A three‐level isolated dc‐dc SEPIC converter with parallel‐connected output

This paper presents a comprehensive theoretical analysis and experimental results for three‐level isolated dc‐dc converter based on the single‐ended primary‐inductance converter (SEPIC) topology. The main advantage of this structure is the reduction of voltage stress on semiconductors comparing it to the conventional SEPIC converter. Voltage stress is the major challenge associated with the conventional SEPIC structure, and contributions in this area can extend the range of applications for the family of SEPIC converters. The analyzed structure contains two switches, and their commands can be either equal or phase‐shifted by 180°. This provides four different modes of operation in discontinuous conduction mode (DCM), which have different operating stages, waveforms, and design equations.
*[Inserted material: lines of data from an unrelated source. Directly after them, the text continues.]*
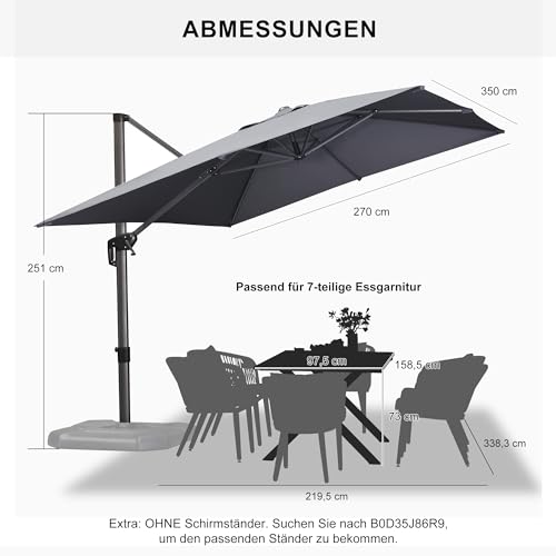 Abmessungen – Die Größe dieses Sonnenschirms beträgt ca. 270 x 350 cm (Fehler ca. 2 cm). In Kombination mit der großen Tuchfläche von ca. 270 x 350 cm haben Sie so immer einen schattigen Platz zur Verfügung
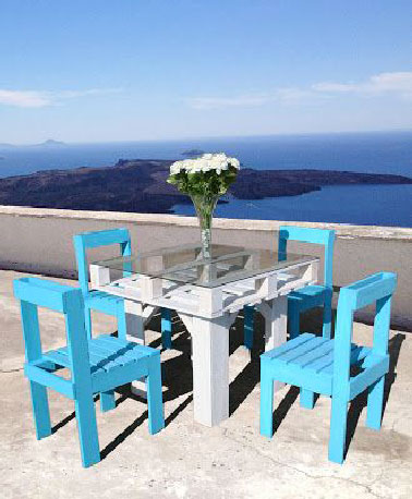 Un salon de jardin en palettes bois qui affiche fier allure sur la terrasse avec un beau contraste de vert et bleu
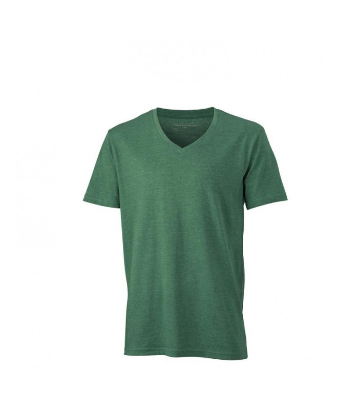 t-shirt alla moda con scollatura a v melange di single jersey di alta qualitã . taglio disinvolto e comodo, collo a v con elastan, tessuto esterno (170 g/mâ²): 65% poliestere, 35% cotone manica corta
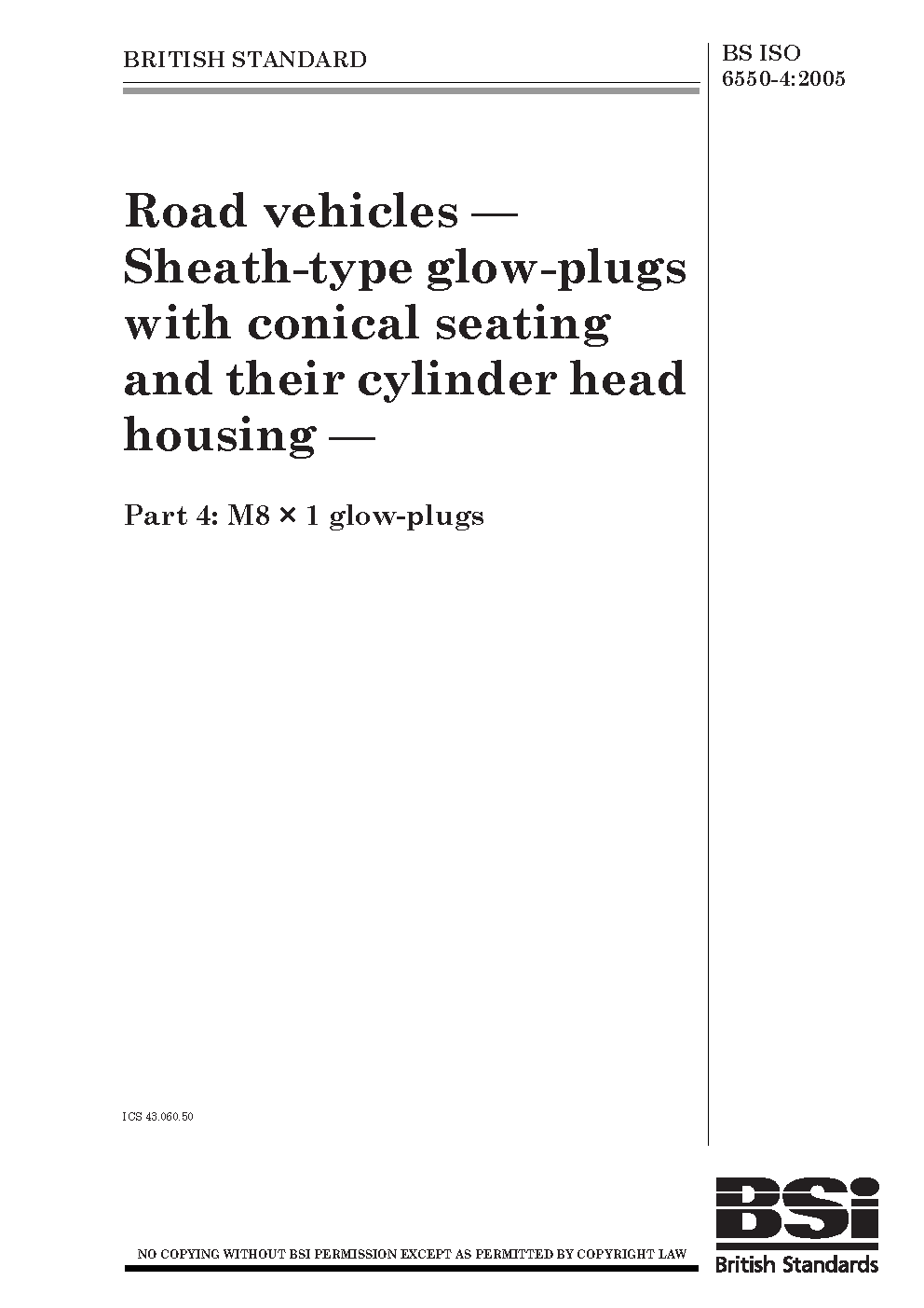 Road vehicles. Sheath-type glow-plugs with conical seating and their cylinder head housing M8 x 1
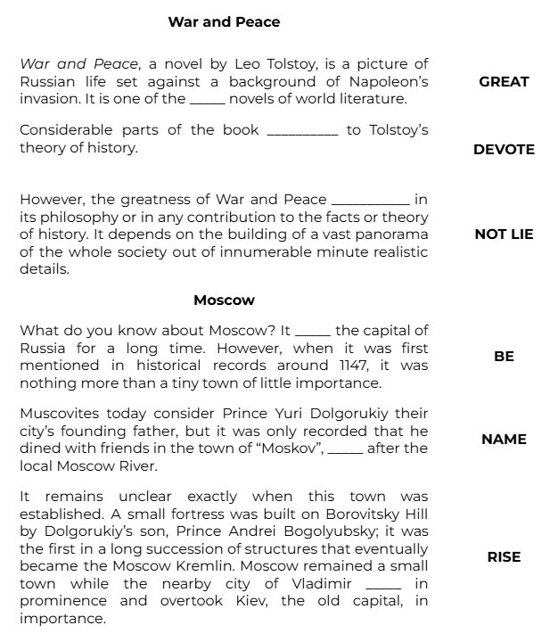 War and Peace, a novel by Leo Tolstoy, is a picture of Russian life set against a background of Napoleon’s invasion. It is one of the _____ novels of world literature. (GREAT)

In this paper, the topology with parallel‐connected output and the static and dynamic theoretical analysis in DCM, for the four command signal profiles, are presented. The advantages and disadvantages, control strategy, experimental results, and a comparative analysis with the conventional SEPIC converter are discussed. The dc‐dc SEPIC converter was verified by experimental results from a proof‐of‐concept prototype with 500 W rated power, 400 V input voltage, 120 V output voltage, and 50 kHz switching frequency. The converter achieved 94.72% efficiency at rated power. The proposed structure provides a reduction of voltage stress on semiconductors when compared with the conventional single‐ended primary‐inductance converter (SEPIC) converter, which can extend the application range of SEPIC‐type converters with higher input voltages. In addition, a modulation strategy which results in two command signals with the same duty cycle value and 180° phase‐shifted is used, reducing the volume of the input inductors ( Li1 and Li2) and the output capacitor ( Co).